Archive for Wednesday, November 25, 2009

Family farm business grows internationally

David Lee, right, of Bonner Springs, and Kyle Sodoma assemble a precision vacuum planter at Monosem Inc., in Edwardsville. Monosem was founded by Tony Bakker in 1980 and now sells its farm equipment worldwide to North and Central America, Mexico, Canada, Australia and China.

David Lee, right, of Bonner Springs, and Kyle Sodoma assemble a precision vacuum planter at Monosem Inc., in Edwardsville. Monosem was founded by Tony Bakker in 1980 and now sells its farm equipment worldwide to North and Central America, Mexico, Canada, Australia and China.

November 25, 2009

While their equipment may not be used in Kansas, Monosem Inc. is making quite the name for itself worldwide from its Edwardsville location.

Monosem, located at 1001 Blake, manufactures and assembles precision vacuum planters.

Monosem’s machines, which were the first of their kind to be sold in the United States, use a special technology that allows farmers to plant their seeds in a more precise way, ensuring a better crop.

Tony Bakker, who is originally form Holland, started the company in 1980. With his past based in Europe, Bakker first became an importer of French machinery and began changing the equipment for use in the U.S. market.

The business eventually transitioned into engineering and manufacturing its own equipment.

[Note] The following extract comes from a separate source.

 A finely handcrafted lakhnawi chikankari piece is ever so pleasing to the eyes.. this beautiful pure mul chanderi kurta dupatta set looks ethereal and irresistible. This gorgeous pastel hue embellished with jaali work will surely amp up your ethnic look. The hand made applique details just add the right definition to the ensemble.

The current group of 33 employees moved from Lenexa to Edwardsville a little more than a year ago in October 2008. The family-run business includes Tony and his wife Sandy, as well as three daughters.

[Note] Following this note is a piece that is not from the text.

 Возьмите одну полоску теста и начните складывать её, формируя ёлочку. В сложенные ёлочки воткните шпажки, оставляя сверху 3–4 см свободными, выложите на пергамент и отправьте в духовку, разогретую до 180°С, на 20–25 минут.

Most of the work done at the Edwardsville location involves assembly, with parts being outsourced. Sandy said 50 percent of the company’s parts still come from France, which is where the company got its namesake.

“Mono,” which means single, and “semoir,” which means “to plant” in French, was combined to create Monosem, with a literal translation of “single planter.”

This name fits with the way the Monosem equipment operates in that a single seed is vacuumed up a tube and suctioned to a steel plate, where it is then planted in the ground in a precise location.

Unlike big-name farm equipment providers such as John Deere, Sandy said, the Monosem equipment was mainly used for specialty crops, such as tomatoes, peanuts and sweet corn.

Precision is required in these fields, she said, because the seed is much more expensive and farmers cannot afford to waste any with traditional gravity driven planters that just drop the seed in various groups and locations.

Although Kansas isn’t known for growing these specialty crops, Monosem sells equipment all across North and Central America, Mexico, Canada, Australia and China. In fact, Tony says one-third of the company’s equipment is sold abroad.

The company’s roots in the specialty market have helped it become a big name in farm equipment and have also helped the company sustain business in tough economic times, Sandy said.

“We’ve seen a slow down but not nearly what other businesses are seeing,” she said. “We’re back to where we were two years ago after growing so much.”

Each machine ordered by a farmer is made to that farmer’s needs and specifications.

In addition, Sandy said the business has continued to invent new equipment with its Twin-Row, Sync-Row and Monoshox systems holding several patents.

“We’re always coming up with new ideas,” Sandy said. “We have to.”